#### HOW TO COMPLETE THIS TASK
Using the records that follow, reproduce exactly the lines starting at the line containing "- 16-in-1 Ratchet" and ending at the line containing "大家在看看龙王波什的数据。两". Include both end lines and no pictures.

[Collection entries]
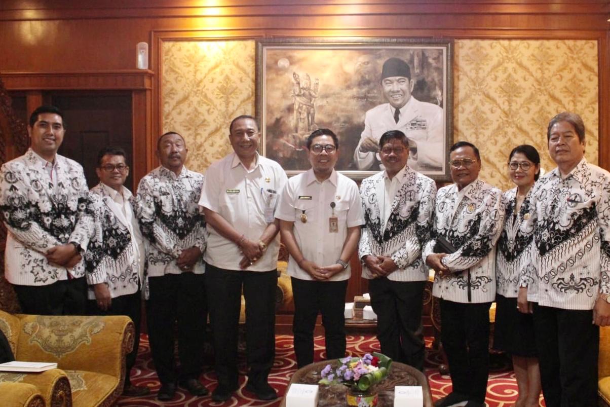 AUDIENSI PGRI – Wawali Arya Wibawa menerima audiensi jajaran PGRI Denpasar yang dipimpin Ketut Suarya pada Rabu (8/1) di Kantor Walikota Denpasar.
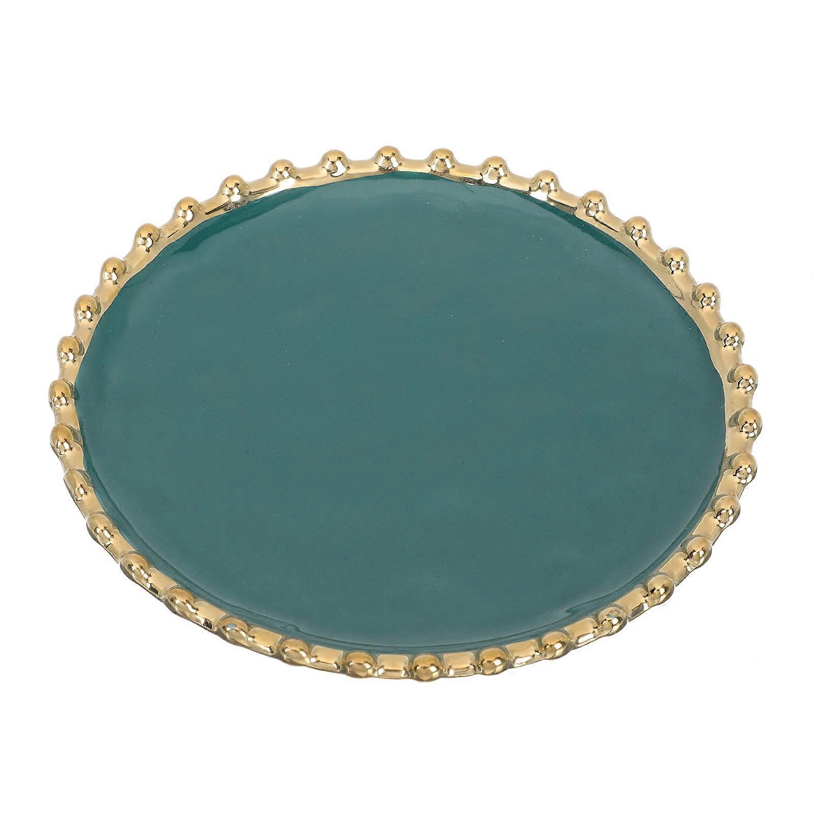 Ceramic Plate with Elegant Green Rim, Decorative Serving Dish for Breakfast, Desserts, and Home Parties
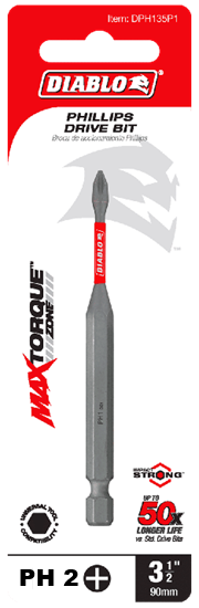 Diablo's driver bit range of Phillips bits delivers maximum performance, extreme durability and up to 50X longer life when installing and removing fasteners.
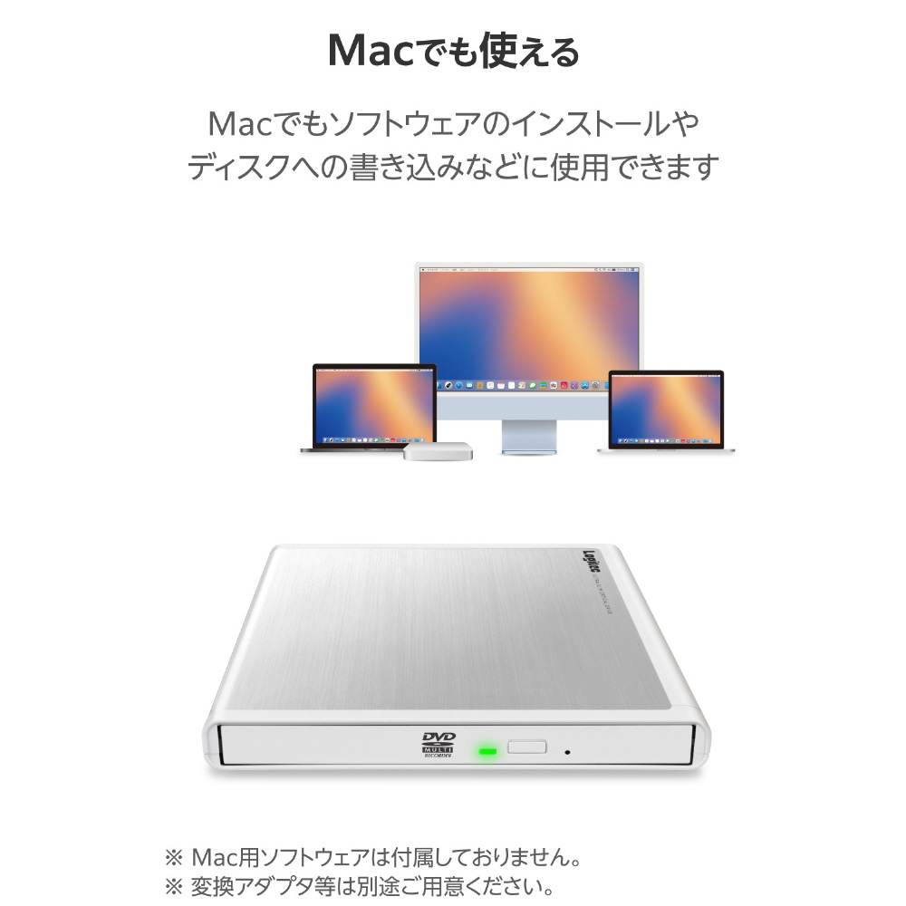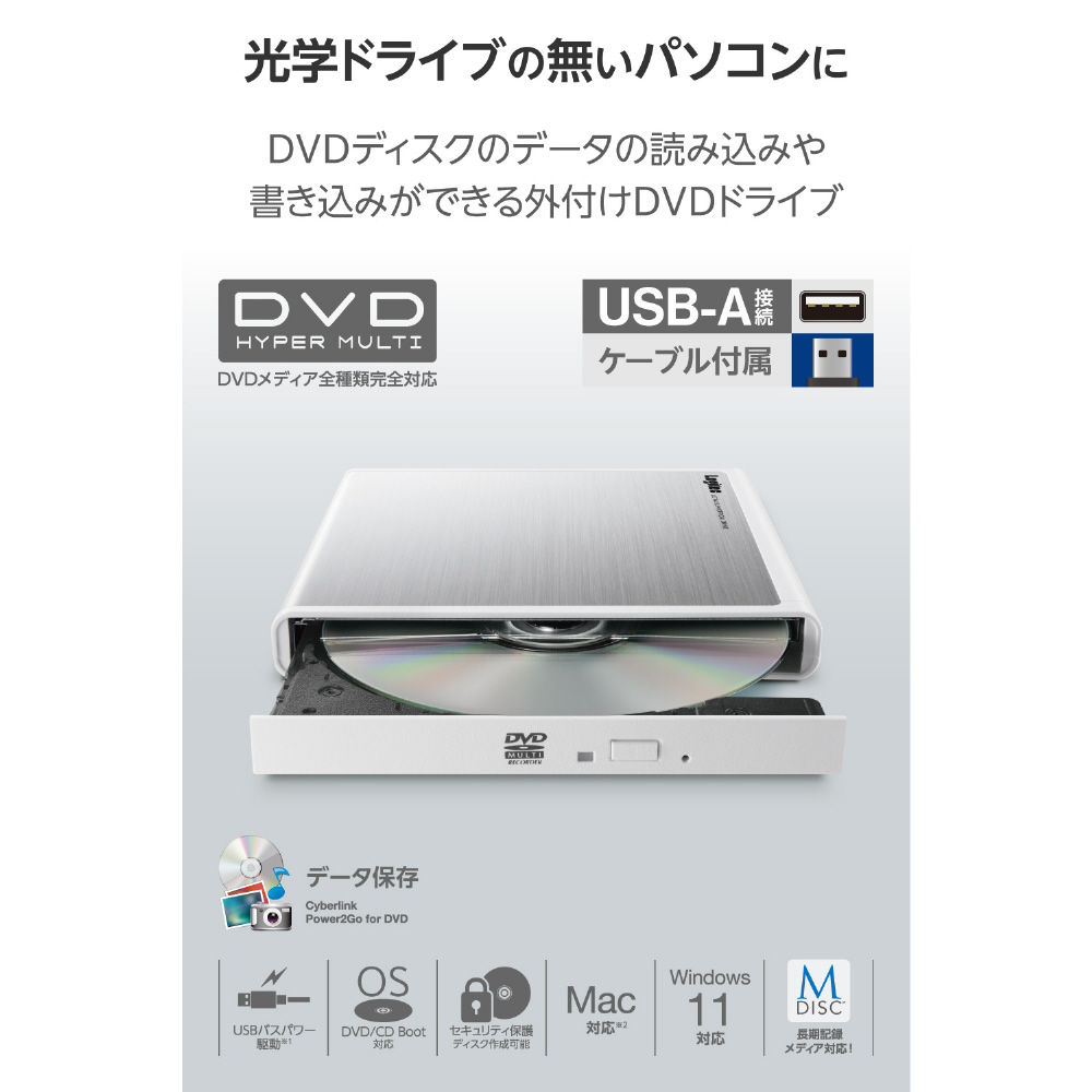 ポータブルDVDドライブ 書込ソフト:Windows用(Chrome/Mac/Windows11対応) ホワイト LDR-PMM8U2LWH [USB-A]
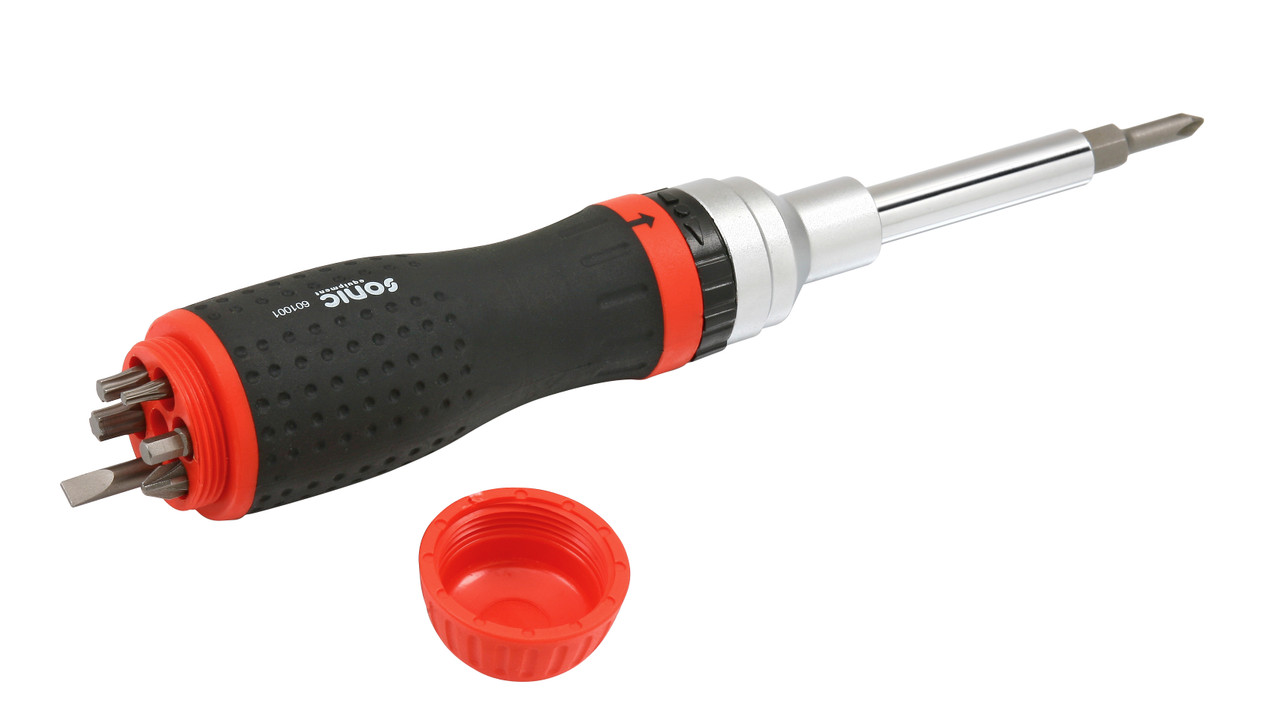 - 16-in-1 Ratchet Screwdriver with multiple bits stored in the handle
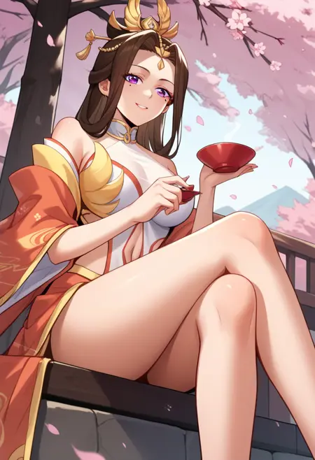 Luo wuqing, Luo dress, purple eyes, mole under eye, brown hair, hair ornament
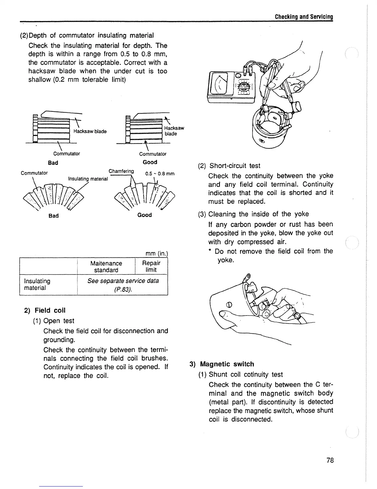 Yanmar L100AE - Field Coil Inspection; Magnetic Switch Inspection
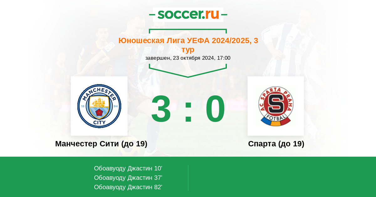 Протокол матча Манчестер Сити (до 19) против Спарта (до 19)
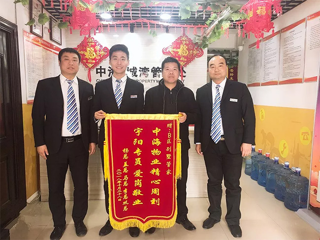 经过冯宇阳不懈努力,险情全部排除。大雨过后,5户业主怀着感激之情,联合给冯宇阳送来了锦旗表达谢意,并一致决定在房屋装修结束后将装修保证金全部转为物业费。
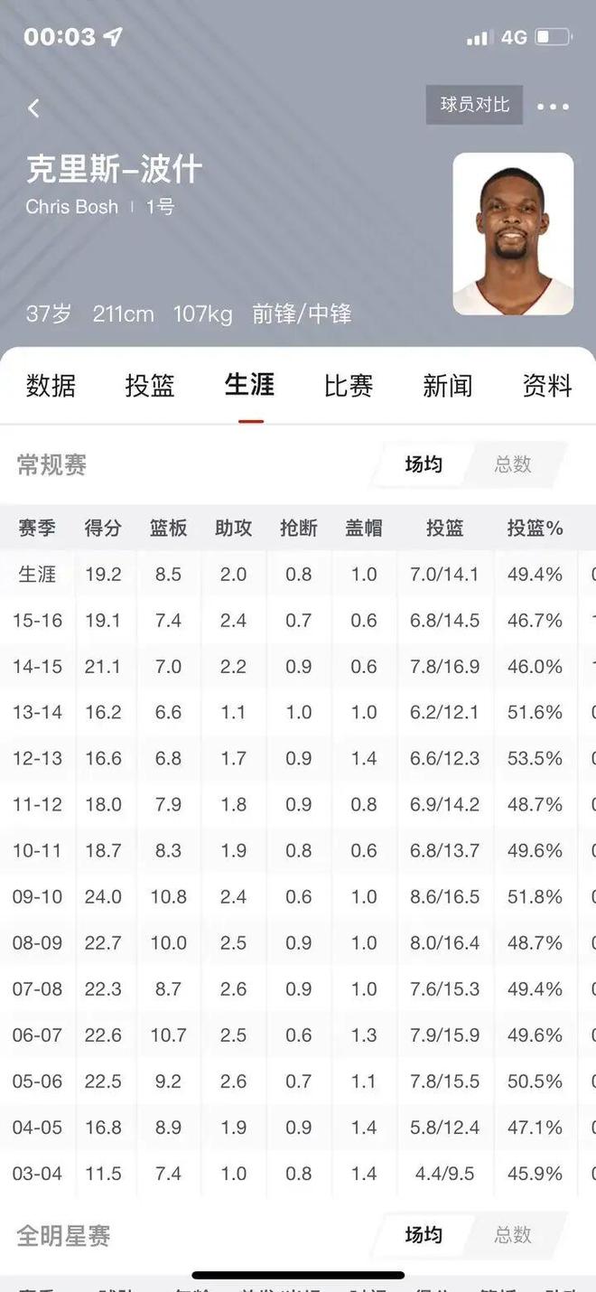 大家在看看龙王波什的数据。两人数据相差不大,不懂的人甚至会认为麦克詹姆斯是什么神仙人物。
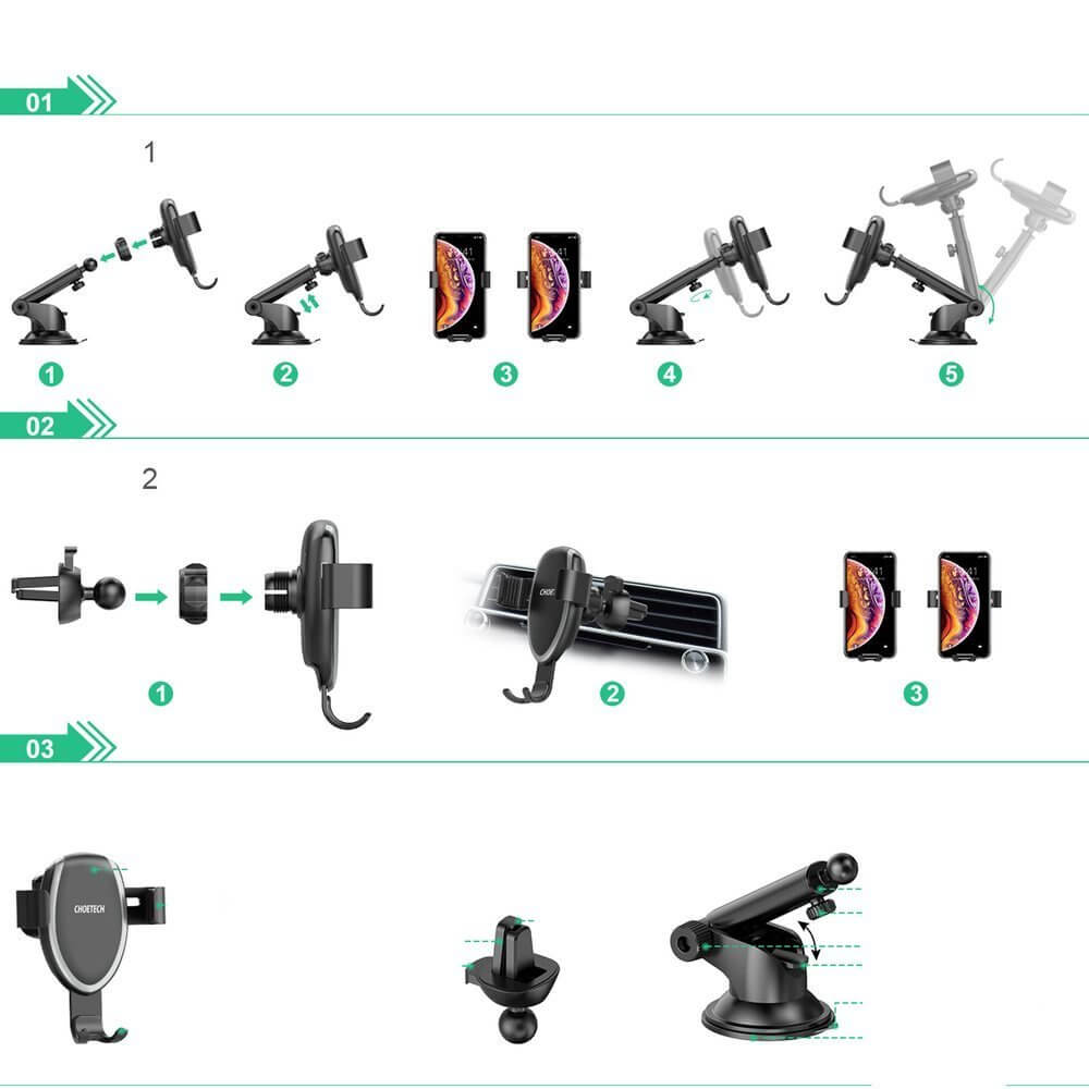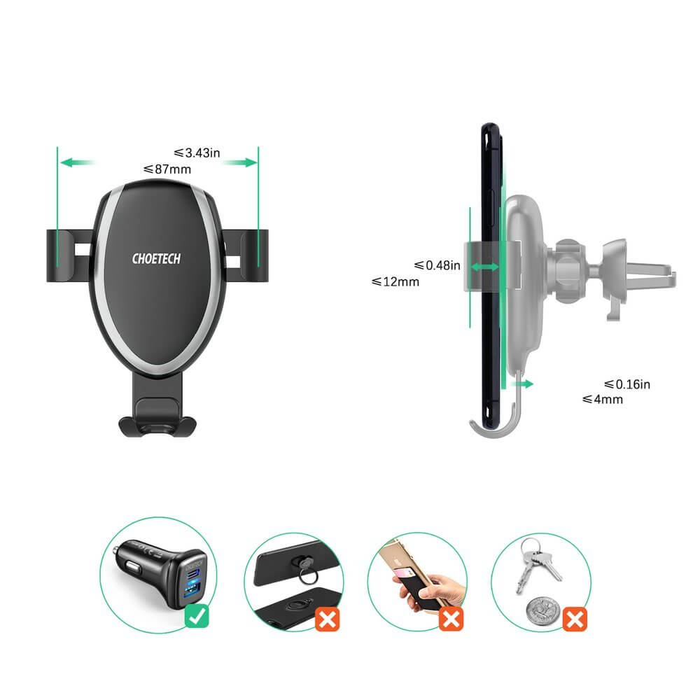 - Внимание: за да се възползвате от безжичното зареждане на поставката, ви е необходимо зарядно за кола, към което да свържете включения в комплекта microUSB кабел. Технологията за бързо зареждане на поставката е налична само когато зарядното за кола е с функция за бързо зареждане.

#### TASK RESULT
 - 16-in-1 Ratchet Screwdriver with multiple bits stored in the handle
 Luo wuqing, Luo dress, purple eyes, mole under eye, brown hair, hair ornament
 Yanmar L100AE - Field Coil Inspection; Magnetic Switch Inspection
 Протокол матча Манчестер Сити (до 19) против Спарта (до 19)
 经过冯宇阳不懈努力,险情全部排除。大雨过后,5户业主怀着感激之情,联合给冯宇阳送来了锦旗表达谢意,并一致决定在房屋装修结束后将装修保证金全部转为物业费。
 大家在看看龙王波什的数据。两人数据相差不大,不懂的人甚至会认为麦克詹姆斯是什么神仙人物。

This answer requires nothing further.